As meninas, por sua vez, deveriam ficar ao lado das mães, cuidando da casa, supervisionando as plantações e o rebanho. Mas em 1530, na Irlanda, nasceu uma garota totalmente diferente e obstinada chamada Grace O'Malley.

Filha do grande capitão Owen O'Malley, Grace se tornaria a primeira rebelde dos mares, chegando a liderar um exército de 200 homens e lutando contra as leis da Inglaterra. Ela antecipou famosas piratas do Caribe que viriam mais tarde, como Ann Bony e Mary Read.

Divulgação
Estatua da irlandesa Grace O'Malley (c 1530 - c 1603), foi chefe do cla O Maille no oeste da Irlanda, seguindo os passos de seu pai Eoghan Dubhdara O Maille se tornando uma Pirata. Credit: Divulgacao ***DIREITOS RESERVADOS. NÃO PUBLICAR SEM AUTORIZAÇÃO DO DETENTOR DOS DIREITOS AUTORAIS E DE IMAGEM***
Estátua da pirata Grace O'Malley no jardim do Westport House, na Irlanda

PRECONCEITO

Grace se apaixonou pelo mar muito cedo e decidiu que viveria navegando, o que não foi nada fácil. Quando contou seus planos ao pai, ele riu e a proibiu, alegando que seu cabelo ficaria preso no mastro do navio.

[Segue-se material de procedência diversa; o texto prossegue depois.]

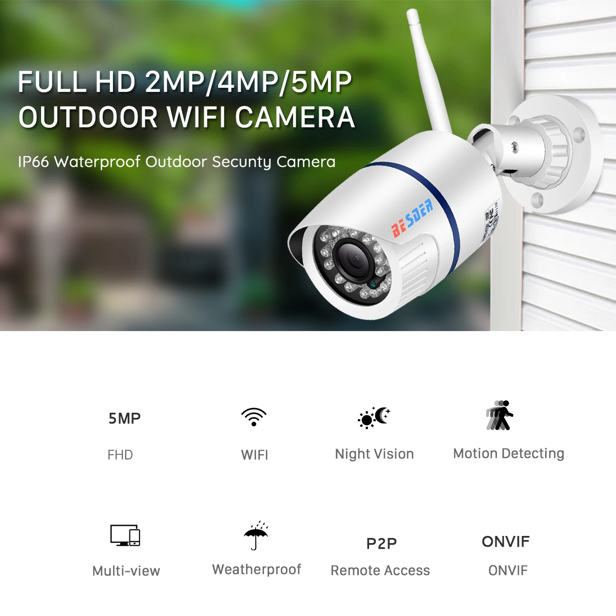 IP-камера BESDER уличная Водонепроницаемая с поддержкой Wi-Fi, 5 Мп и слотом для SD-карты

Segundo lendas, para provar que seria uma excelente aprendiz –tão boa quanto um menino–, Grace cortou suas lindas e longas mechas vermelhas, vestiu calças e prometeu a si mesma que seria a melhor de todos a bordo da embarcação.

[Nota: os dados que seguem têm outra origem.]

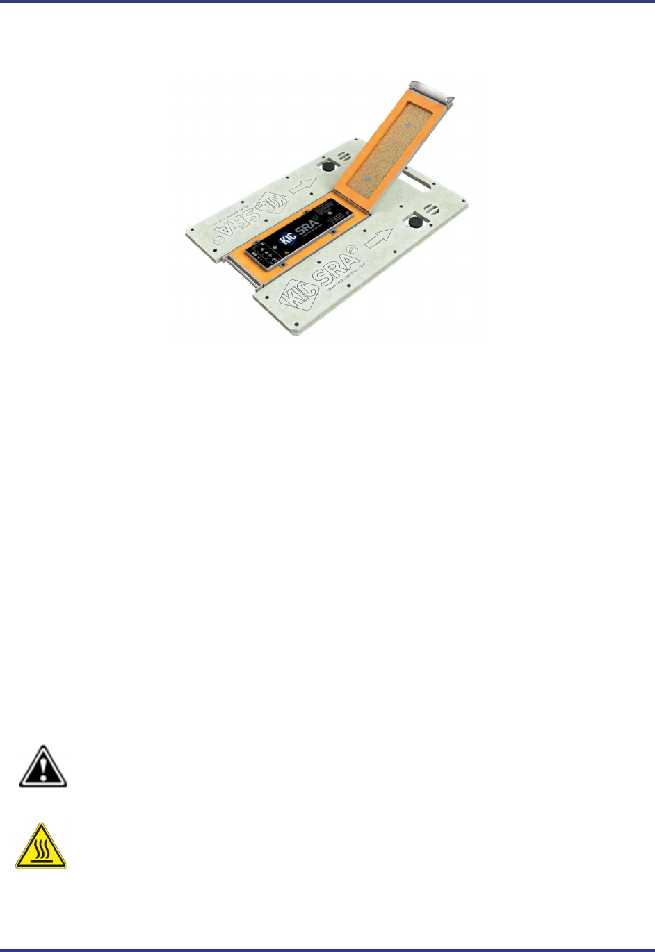 This symbol indicates HOT SURFACE on the SRA shield and pallet. It is used in this guide anywhere

Impressionado com a audácia da filha única, o capitão a aceitou, sempre aos risos. Depois, a apelidou de "Grainne Mhaol", que significava "Grace, a careca", e ela passou a atravessar os mares com o pai e o irmão.

Alta, magra e de pele clara, a menina se tornou uma bela jovem e se casou, pela primeira vez, aos 16 anos. Seu marido, Donald O'Flahetyrs, a acompanhava nas viagens e admirava sua astúcia, competência náutica e estratégia militar.

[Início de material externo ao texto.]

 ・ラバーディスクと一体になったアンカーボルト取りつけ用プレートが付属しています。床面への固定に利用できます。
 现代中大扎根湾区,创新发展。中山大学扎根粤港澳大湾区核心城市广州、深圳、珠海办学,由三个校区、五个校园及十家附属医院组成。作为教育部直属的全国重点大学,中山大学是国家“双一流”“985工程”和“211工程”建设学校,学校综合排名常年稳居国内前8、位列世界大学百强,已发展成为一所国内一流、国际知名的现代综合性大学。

Conhecedora das correntezas, que percorrera desde pequena, ela falava vários idiomas: latim, francês, espanhol, grego, gaélico. Como não frequentara escola, é provável que tenha se instruído com tutores e, principalmente, seu pai.

Viúva após 19 anos de casamento, com o primeiro marido morto em uma batalha, Grace logo se casaria pela segunda vez. Ao todo, teve quatro filhos, mas há lendas que citam outras crianças.

ENCONTRO COM ELIZABETH 1ª

Apenas uma mulher disputava com seu poder e carisma na época: Elizabeth 1ª, a grande rainha da Inglaterra. Criada na corte, cercada por conselheiros e habituada a manipulações políticas, Elizabeth tivera uma infância que era oposta à de Grace.

Muitas lendas falam do encontro das duas adversárias, que tiveram uma longa conversa em latim. Elizabeth devolveu a Grace terras que lhe haviam sido tomadas e libertou seu filho e irmão da prisão.

Em troca, Grace concordou em usar sua liderança para defender a rainha de seus inimigos na terra e no mar. Depois disso, ambas passaram a trocar cartas que expressavam uma amizade marcada por rivalidade, respeito e identificação.

Grace viveu até quase 70 anos, o que era muito raro naquele tempo. Sua vida se tornou símbolo de liberdade na Irlanda e inspirou inúmeros poemas, lendas e canções.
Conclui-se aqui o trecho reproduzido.